__ACTIVITY__. Print all the records below exactly as they stand, but leave out the pictures.

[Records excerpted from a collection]
-=-=-

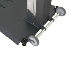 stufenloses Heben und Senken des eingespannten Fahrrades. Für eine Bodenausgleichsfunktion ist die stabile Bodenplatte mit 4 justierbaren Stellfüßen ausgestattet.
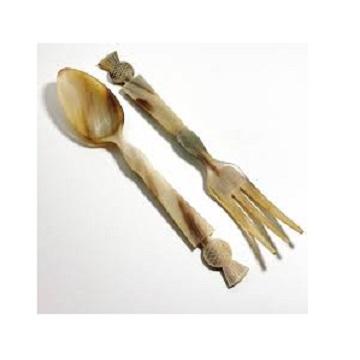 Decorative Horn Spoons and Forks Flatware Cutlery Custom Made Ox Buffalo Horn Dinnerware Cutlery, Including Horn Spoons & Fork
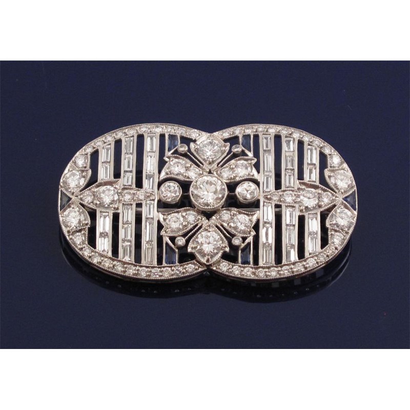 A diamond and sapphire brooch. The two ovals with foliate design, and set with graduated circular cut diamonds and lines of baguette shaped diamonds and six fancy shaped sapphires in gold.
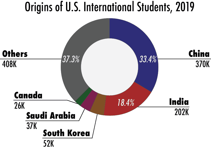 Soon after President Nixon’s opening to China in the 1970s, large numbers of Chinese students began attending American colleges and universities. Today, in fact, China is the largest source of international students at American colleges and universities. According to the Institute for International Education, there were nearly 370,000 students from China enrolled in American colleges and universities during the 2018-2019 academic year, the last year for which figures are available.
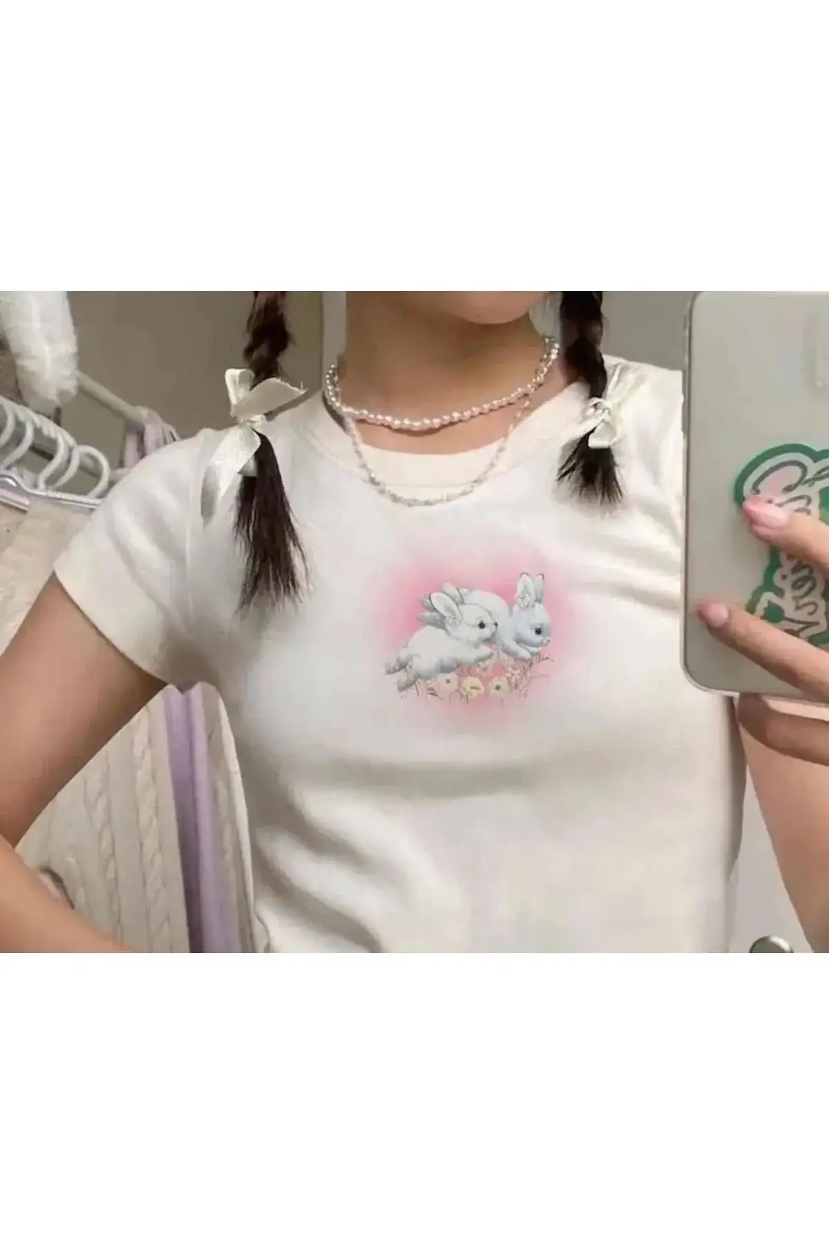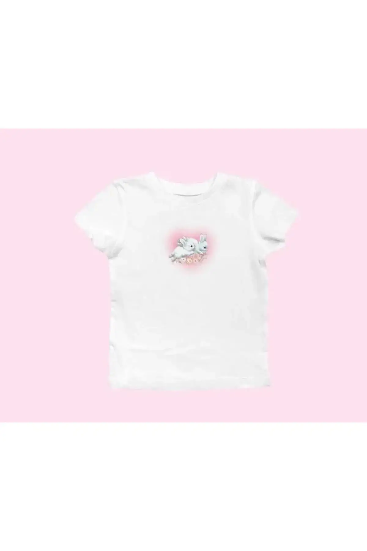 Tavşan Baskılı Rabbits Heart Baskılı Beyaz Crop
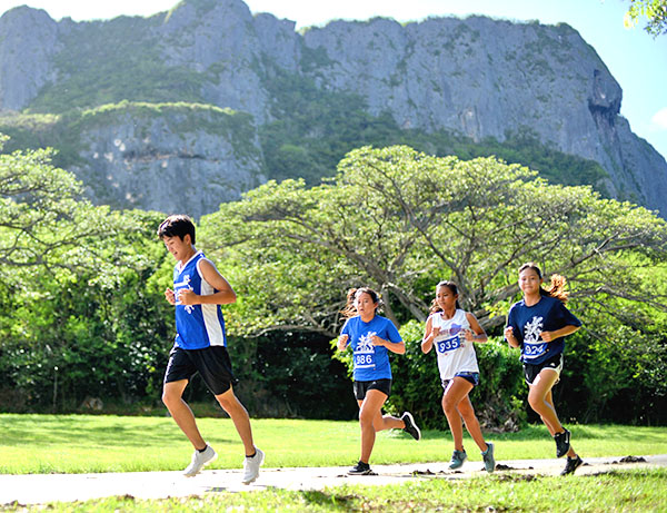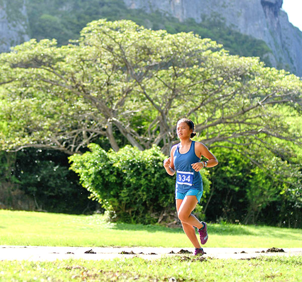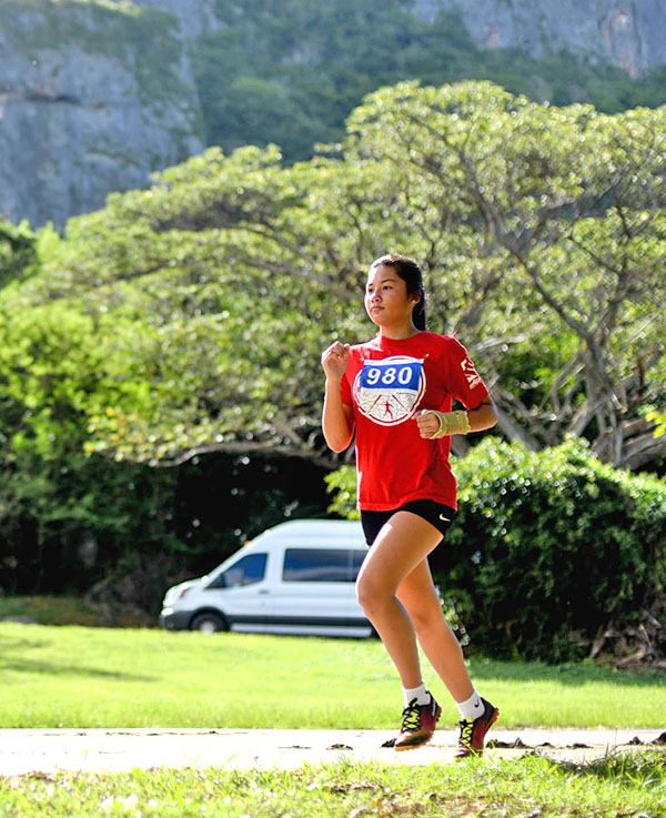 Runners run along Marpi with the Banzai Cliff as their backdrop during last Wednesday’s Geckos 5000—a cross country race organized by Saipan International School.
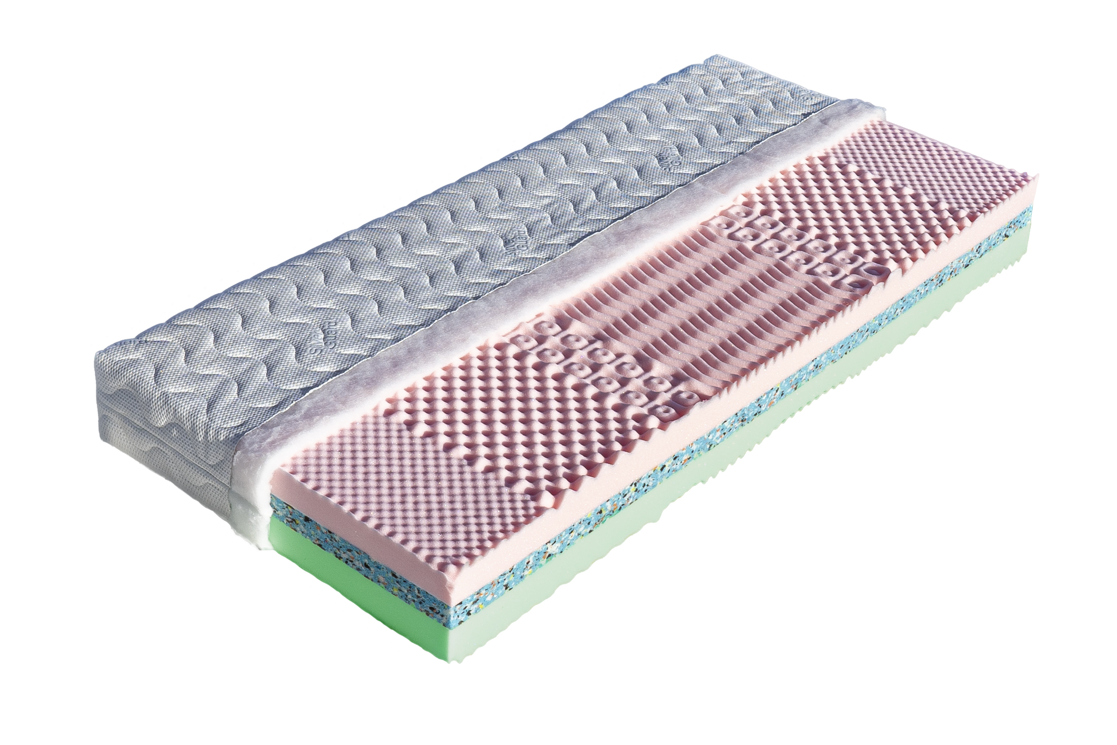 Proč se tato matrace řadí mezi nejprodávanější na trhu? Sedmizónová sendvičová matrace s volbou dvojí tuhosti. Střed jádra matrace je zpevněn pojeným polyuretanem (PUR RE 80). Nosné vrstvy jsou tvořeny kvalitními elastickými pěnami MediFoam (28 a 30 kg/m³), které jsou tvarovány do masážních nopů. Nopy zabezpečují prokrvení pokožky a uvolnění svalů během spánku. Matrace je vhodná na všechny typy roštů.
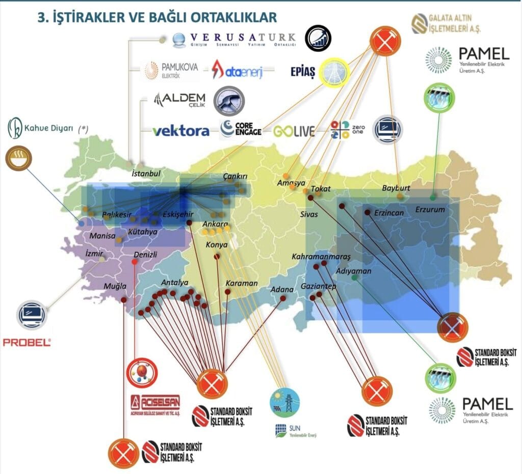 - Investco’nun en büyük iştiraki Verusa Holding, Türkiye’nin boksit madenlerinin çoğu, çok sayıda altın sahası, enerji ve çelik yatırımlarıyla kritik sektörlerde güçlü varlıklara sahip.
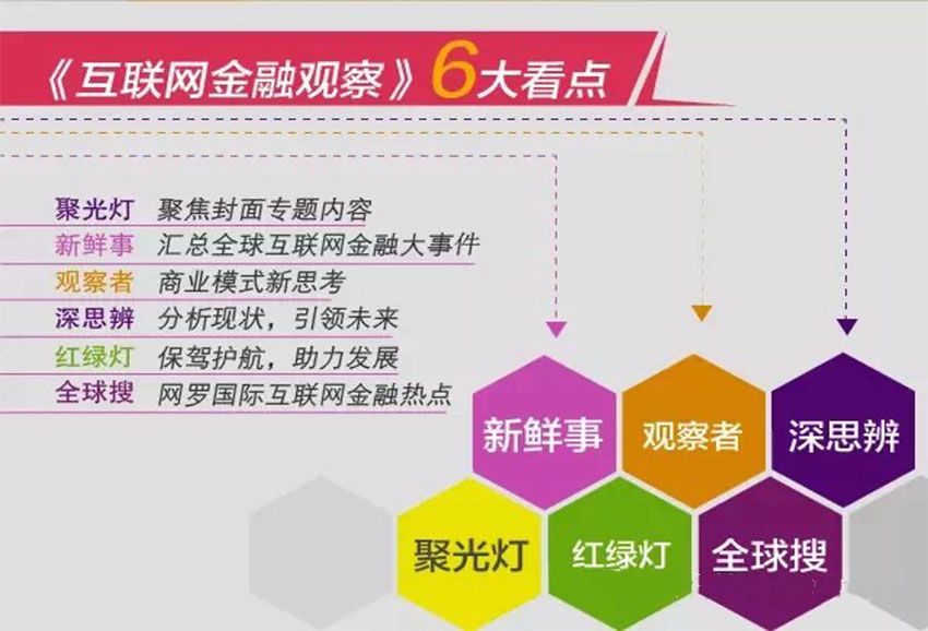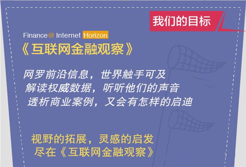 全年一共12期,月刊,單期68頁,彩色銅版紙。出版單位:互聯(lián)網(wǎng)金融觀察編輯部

-=-=-

__ANSWER SPACE__.
 stufenloses Heben und Senken des eingespannten Fahrrades. Für eine Bodenausgleichsfunktion ist die stabile Bodenplatte mit 4 justierbaren Stellfüßen ausgestattet.
 Decorative Horn Spoons and Forks Flatware Cutlery Custom Made Ox Buffalo Horn Dinnerware Cutlery, Including Horn Spoons & Fork
 A diamond and sapphire brooch. The two ovals with foliate design, and set with graduated circular cut diamonds and lines of baguette shaped diamonds and six fancy shaped sapphires in gold.
 Soon after President Nixon’s opening to China in the 1970s, large numbers of Chinese students began attending American colleges and universities. Today, in fact, China is the largest source of international students at American colleges and universities. According to the Institute for International Education, there were nearly 370,000 students from China enrolled in American colleges and universities during the 2018-2019 academic year, the last year for which figures are available.
 Tavşan Baskılı Rabbits Heart Baskılı Beyaz Crop
 Runners run along Marpi with the Banzai Cliff as their backdrop during last Wednesday’s Geckos 5000—a cross country race organized by Saipan International School.
 Proč se tato matrace řadí mezi nejprodávanější na trhu? Sedmizónová sendvičová matrace s volbou dvojí tuhosti. Střed jádra matrace je zpevněn pojeným polyuretanem (PUR RE 80). Nosné vrstvy jsou tvořeny kvalitními elastickými pěnami MediFoam (28 a 30 kg/m³), které jsou tvarovány do masážních nopů. Nopy zabezpečují prokrvení pokožky a uvolnění svalů během spánku. Matrace je vhodná na všechny typy roštů.
 - Investco’nun en büyük iştiraki Verusa Holding, Türkiye’nin boksit madenlerinin çoğu, çok sayıda altın sahası, enerji ve çelik yatırımlarıyla kritik sektörlerde güçlü varlıklara sahip.
 全年一共12期,月刊,單期68頁,彩色銅版紙。出版單位:互聯(lián)網(wǎng)金融觀察編輯部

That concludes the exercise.